> **Activity**: In the listing below, find the line with "潮新闻:浙艺429名学生参演,传递爱的力量" and copy every line from there up to and including the line with "STEM challenge activities", exactly and without pictures.

> **Data**:
'''

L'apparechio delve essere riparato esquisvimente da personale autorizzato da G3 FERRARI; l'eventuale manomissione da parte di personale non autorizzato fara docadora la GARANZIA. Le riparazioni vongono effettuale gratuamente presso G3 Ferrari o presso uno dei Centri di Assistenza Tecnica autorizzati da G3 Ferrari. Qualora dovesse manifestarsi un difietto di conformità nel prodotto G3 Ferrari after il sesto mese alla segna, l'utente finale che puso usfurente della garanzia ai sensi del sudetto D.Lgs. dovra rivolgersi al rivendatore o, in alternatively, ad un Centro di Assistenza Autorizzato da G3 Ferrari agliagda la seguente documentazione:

'''
'''

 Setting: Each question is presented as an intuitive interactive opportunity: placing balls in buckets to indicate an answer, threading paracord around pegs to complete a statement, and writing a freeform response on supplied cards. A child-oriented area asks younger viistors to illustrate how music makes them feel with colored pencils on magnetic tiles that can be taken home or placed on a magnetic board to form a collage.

'''
'''

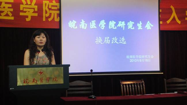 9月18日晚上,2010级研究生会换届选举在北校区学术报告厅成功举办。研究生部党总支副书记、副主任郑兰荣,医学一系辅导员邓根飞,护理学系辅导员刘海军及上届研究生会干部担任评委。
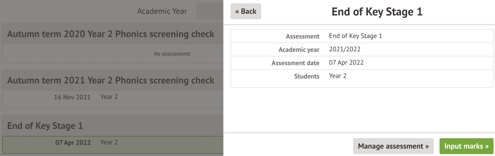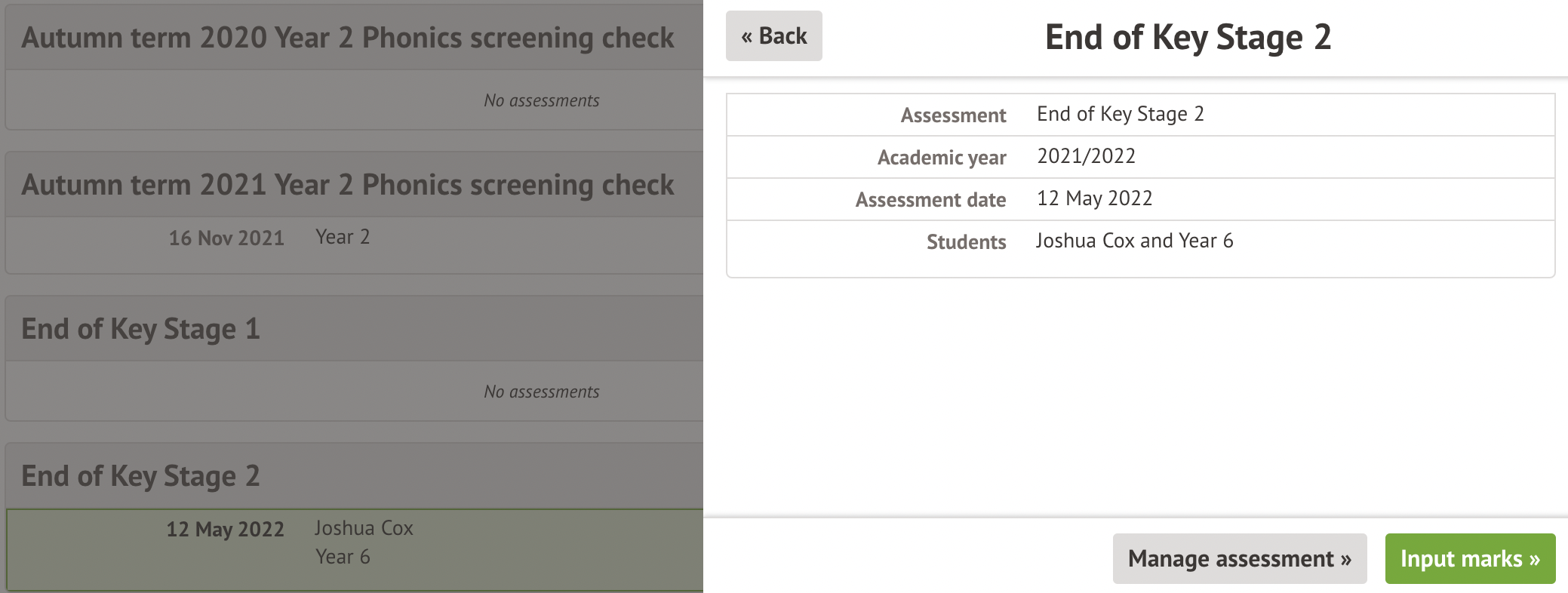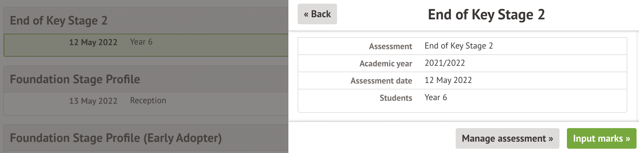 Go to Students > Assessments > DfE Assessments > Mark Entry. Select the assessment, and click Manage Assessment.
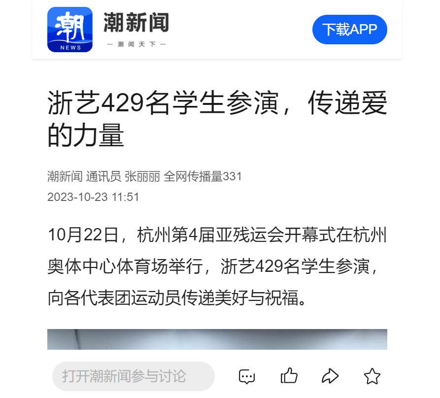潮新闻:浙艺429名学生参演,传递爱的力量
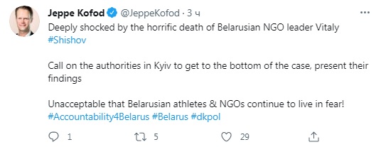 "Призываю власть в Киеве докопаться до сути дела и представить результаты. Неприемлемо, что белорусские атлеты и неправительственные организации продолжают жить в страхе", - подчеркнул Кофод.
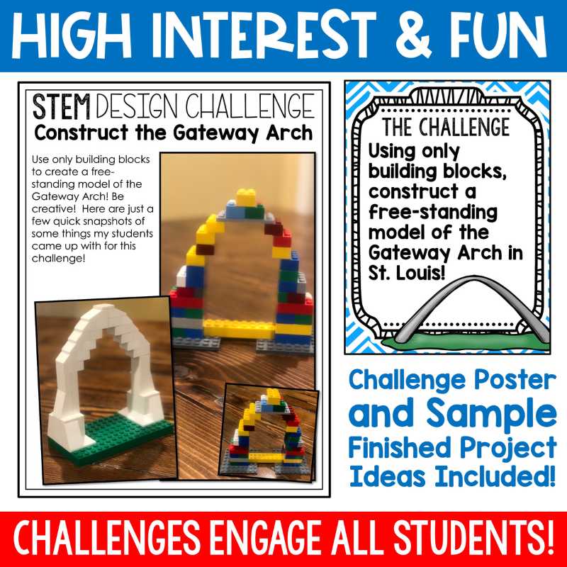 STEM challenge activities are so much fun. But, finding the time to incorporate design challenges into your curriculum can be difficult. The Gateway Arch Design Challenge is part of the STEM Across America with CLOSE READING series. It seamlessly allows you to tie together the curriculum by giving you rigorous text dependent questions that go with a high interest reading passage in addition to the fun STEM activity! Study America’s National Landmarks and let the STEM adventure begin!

'''

> **Problem solution**:
潮新闻:浙艺429名学生参演,传递爱的力量
 "Призываю власть в Киеве докопаться до сути дела и представить результаты. Неприемлемо, что белорусские атлеты и неправительственные организации продолжают жить в страхе", - подчеркнул Кофод.
 STEM challenge activities are so much fun. But, finding the time to incorporate design challenges into your curriculum can be difficult. The Gateway Arch Design Challenge is part of the STEM Across America with CLOSE READING series. It seamlessly allows you to tie together the curriculum by giving you rigorous text dependent questions that go with a high interest reading passage in addition to the fun STEM activity! Study America’s National Landmarks and let the STEM adventure begin!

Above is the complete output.